*Task directions:*
Once the pictures are removed, restate the data below word for word.

*Data:*
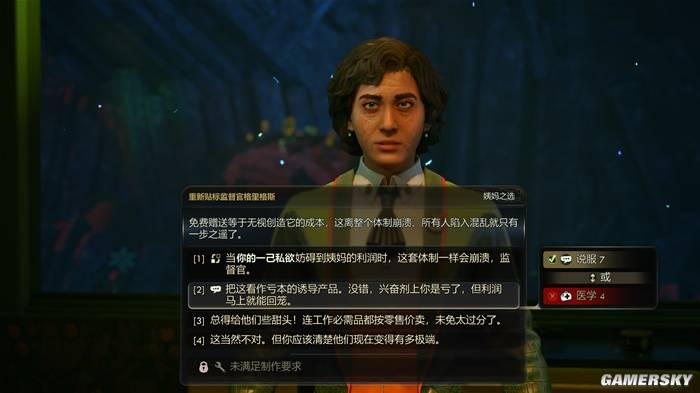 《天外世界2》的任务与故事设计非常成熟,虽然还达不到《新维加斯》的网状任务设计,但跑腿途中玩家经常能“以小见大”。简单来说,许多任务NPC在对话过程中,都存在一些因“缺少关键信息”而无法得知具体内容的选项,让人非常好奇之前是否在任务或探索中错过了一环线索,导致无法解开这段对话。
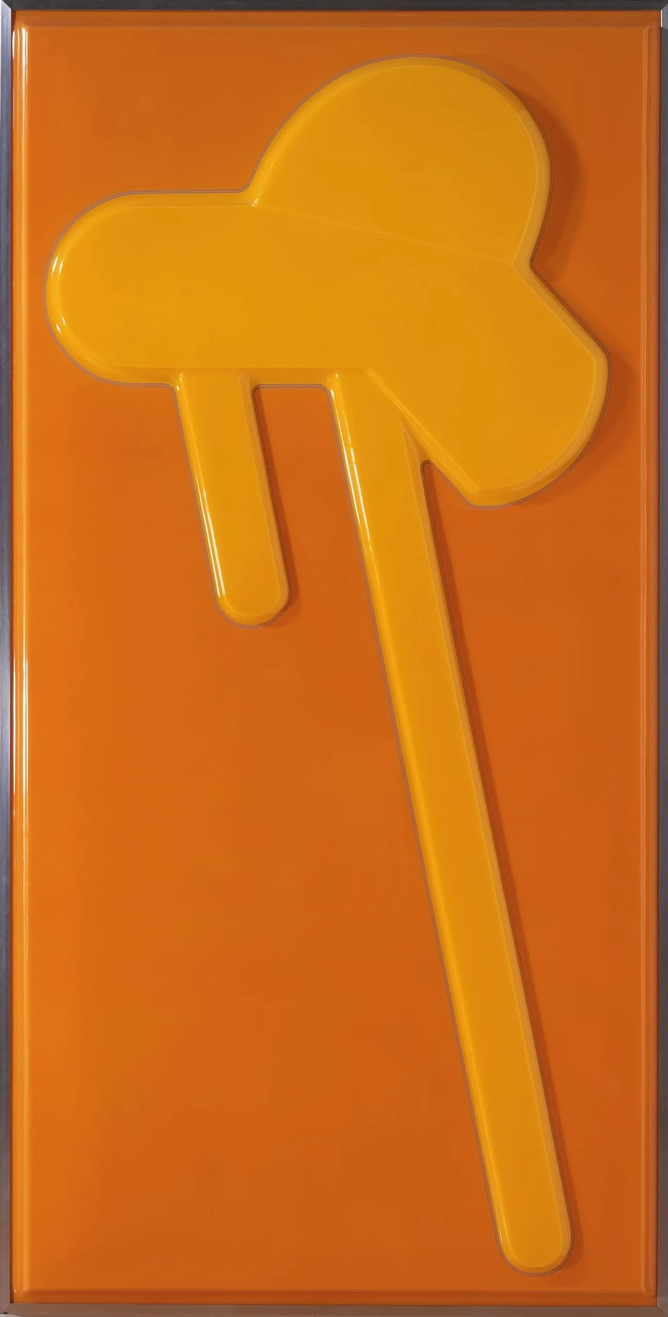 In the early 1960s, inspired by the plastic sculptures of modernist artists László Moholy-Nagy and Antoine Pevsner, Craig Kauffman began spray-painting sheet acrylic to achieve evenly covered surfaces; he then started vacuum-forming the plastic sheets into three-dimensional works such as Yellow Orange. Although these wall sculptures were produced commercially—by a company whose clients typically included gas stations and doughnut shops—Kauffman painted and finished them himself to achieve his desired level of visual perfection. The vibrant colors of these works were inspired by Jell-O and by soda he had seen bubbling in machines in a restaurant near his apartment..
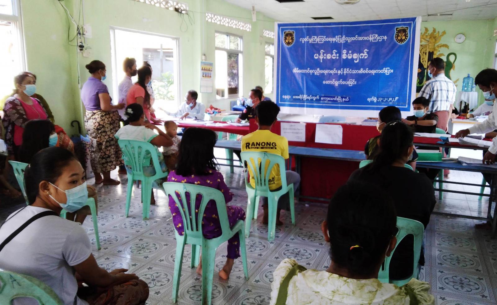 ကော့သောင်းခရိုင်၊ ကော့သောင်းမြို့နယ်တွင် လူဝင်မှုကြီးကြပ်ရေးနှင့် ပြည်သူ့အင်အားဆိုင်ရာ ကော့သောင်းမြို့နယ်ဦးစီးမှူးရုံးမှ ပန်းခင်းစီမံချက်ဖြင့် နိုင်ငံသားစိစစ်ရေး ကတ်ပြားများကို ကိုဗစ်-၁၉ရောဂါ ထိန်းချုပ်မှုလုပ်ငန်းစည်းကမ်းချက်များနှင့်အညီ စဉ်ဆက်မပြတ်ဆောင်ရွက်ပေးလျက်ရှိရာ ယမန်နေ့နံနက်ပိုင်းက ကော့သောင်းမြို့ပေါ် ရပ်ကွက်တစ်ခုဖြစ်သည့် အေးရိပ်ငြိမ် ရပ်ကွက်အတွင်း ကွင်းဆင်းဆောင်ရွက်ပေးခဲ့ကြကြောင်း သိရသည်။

*Response area:*
 《天外世界2》的任务与故事设计非常成熟,虽然还达不到《新维加斯》的网状任务设计,但跑腿途中玩家经常能“以小见大”。简单来说,许多任务NPC在对话过程中,都存在一些因“缺少关键信息”而无法得知具体内容的选项,让人非常好奇之前是否在任务或探索中错过了一环线索,导致无法解开这段对话。
 In the early 1960s, inspired by the plastic sculptures of modernist artists László Moholy-Nagy and Antoine Pevsner, Craig Kauffman began spray-painting sheet acrylic to achieve evenly covered surfaces; he then started vacuum-forming the plastic sheets into three-dimensional works such as Yellow Orange. Although these wall sculptures were produced commercially—by a company whose clients typically included gas stations and doughnut shops—Kauffman painted and finished them himself to achieve his desired level of visual perfection. The vibrant colors of these works were inspired by Jell-O and by soda he had seen bubbling in machines in a restaurant near his apartment..
 ကော့သောင်းခရိုင်၊ ကော့သောင်းမြို့နယ်တွင် လူဝင်မှုကြီးကြပ်ရေးနှင့် ပြည်သူ့အင်အားဆိုင်ရာ ကော့သောင်းမြို့နယ်ဦးစီးမှူးရုံးမှ ပန်းခင်းစီမံချက်ဖြင့် နိုင်ငံသားစိစစ်ရေး ကတ်ပြားများကို ကိုဗစ်-၁၉ရောဂါ ထိန်းချုပ်မှုလုပ်ငန်းစည်းကမ်းချက်များနှင့်အညီ စဉ်ဆက်မပြတ်ဆောင်ရွက်ပေးလျက်ရှိရာ ယမန်နေ့နံနက်ပိုင်းက ကော့သောင်းမြို့ပေါ် ရပ်ကွက်တစ်ခုဖြစ်သည့် အေးရိပ်ငြိမ် ရပ်ကွက်အတွင်း ကွင်းဆင်းဆောင်ရွက်ပေးခဲ့ကြကြောင်း သိရသည်။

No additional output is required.